Fuera de su activismo alrededor de casos judiciales emblemáticos, Acore ha sido uno de los lobbyistas en el Congreso para que no se retirara el artículo del Fuero Penal Militar en la Reforma a la Justicia. Y es también uno de los principales promotores de la reforma a la Justicia Penal Militar.

Pero uno de sus fuertes es llevar la vocería de temas prestacionales de los retirados. La Asociación se ha dedicado a exigir tanto al gobierno de Álvaro Uribe, como al de Juan Manuel Santos, mejores condiciones de salud o laborales. “Cuando uno solicita una cita en el Hospital Militar, la cita se puede demorar dos o tres meses”, dijo a La Silla el General (r ) Quiñones. El vicepresidente de Acore explicó que otro de los temas en disputa tiene que ver con el salario en retiro de los oficiales (que no es suficiente, según dice), y temas de vivienda. Pero también insiste en que el descontento por esto no ha impedido relaciones cordiales con el gobierno.

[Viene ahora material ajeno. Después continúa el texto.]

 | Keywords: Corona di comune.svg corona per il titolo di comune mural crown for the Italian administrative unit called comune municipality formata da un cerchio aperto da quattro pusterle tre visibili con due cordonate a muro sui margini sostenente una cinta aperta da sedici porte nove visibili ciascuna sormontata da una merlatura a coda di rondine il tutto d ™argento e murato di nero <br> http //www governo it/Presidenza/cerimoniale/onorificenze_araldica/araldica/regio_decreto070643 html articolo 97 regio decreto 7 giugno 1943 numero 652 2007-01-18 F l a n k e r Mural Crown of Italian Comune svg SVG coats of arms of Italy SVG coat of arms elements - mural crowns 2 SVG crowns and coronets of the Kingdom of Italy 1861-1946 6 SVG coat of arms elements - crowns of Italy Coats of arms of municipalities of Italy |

“El Ministro de Defensa se ha reunido con nosotros, y ha propuesto soluciones a estos problemas que son difíciles, porque requieren una asignación presupuestal”, explicó el General (r). Dice que como el Ministro actual, Juan Carlos Pinzón, es hijo de un coronel retirado (Rafael Pinzón) y muy cercano a las Fuerzas Militares, en Acore le agradecen haber reconocido los reclamos en salud y salarios que exigen los militares.

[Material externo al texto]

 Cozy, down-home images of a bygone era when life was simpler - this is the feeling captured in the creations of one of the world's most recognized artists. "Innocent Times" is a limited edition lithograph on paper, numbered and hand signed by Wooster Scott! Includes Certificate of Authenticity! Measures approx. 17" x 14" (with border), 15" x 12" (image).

Así que, si bien Acore no tiene el respeto de todos los militares retirados y tampoco mucha atención de los activos y su influencia real en los asuntos militares es mínima, tampoco es un cero a la izquierda, salvo cuando quiere que se caiga un Presidente.

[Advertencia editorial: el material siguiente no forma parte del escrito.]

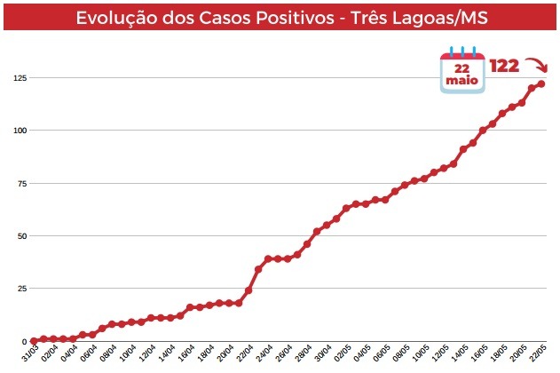 Com isso, Três Lagoas chega a 122 casos positivos da doença, 632 descartados como negativo, 45 casos ainda em investigação e 02 excluídos, conforme dados da Vigilância Epidemiológica. O número de óbitos pela doença é de 04 pessoas. 77 pessoas já se recuperaram da COVID-19.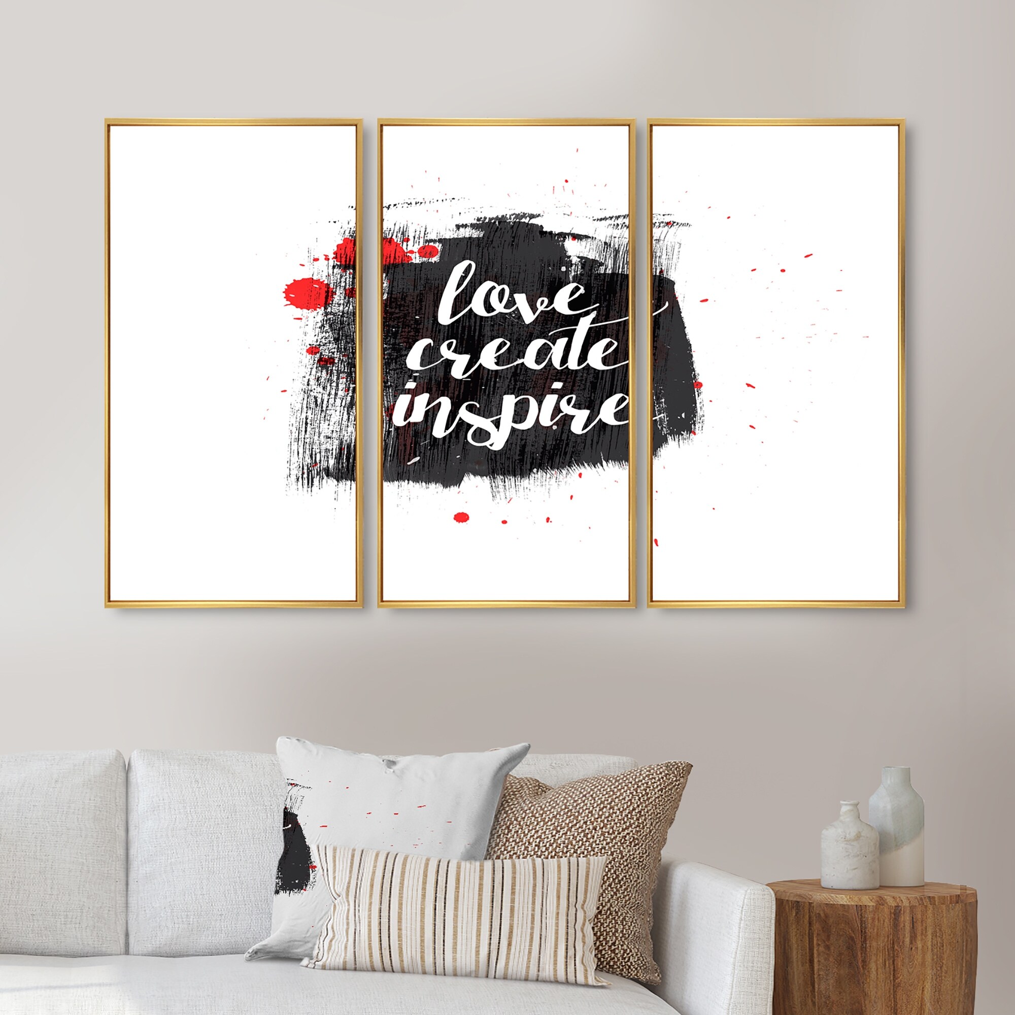 Designart "Love Create Inspire" Traditional Framed Canvas Wall Art Set of 3 - 4 Colors of Frames

De acuerdo a un artículo de El Tiempo, en 1996, el entonces presidente de Acore, General (r) Hernando Zuluaga García, hizo parte de un grupo de militares retirados que pidió infructuosamente la renuncia del presidente Ernesto Samper. “La dignidad de la República está por encima de los cargos, por altos que sean, de las personas que los ocupan. Si estas personas son inferiores a esa dignidad que el pueblo colombiano les concedió, tienen que ser leales con Colombia y dejar su puesto”, dijo Zuluaga.

Pero las declaraciones no llegaron muy lejos, Samper terminó su periodo presidencial y ahora que vuelve a escucharse que dos miembros de Acore hablan de un ultimátum al Presidente Santos sus aspiraciones no parecen arrancar con mucha fuerza. Sin embargo, no es la primera vez que los militares manifiestan su inconformismo con el Gobierno de Santos y de pronto detrás de lo risible que parece este episodio hay algo más serio que apenas está empezando.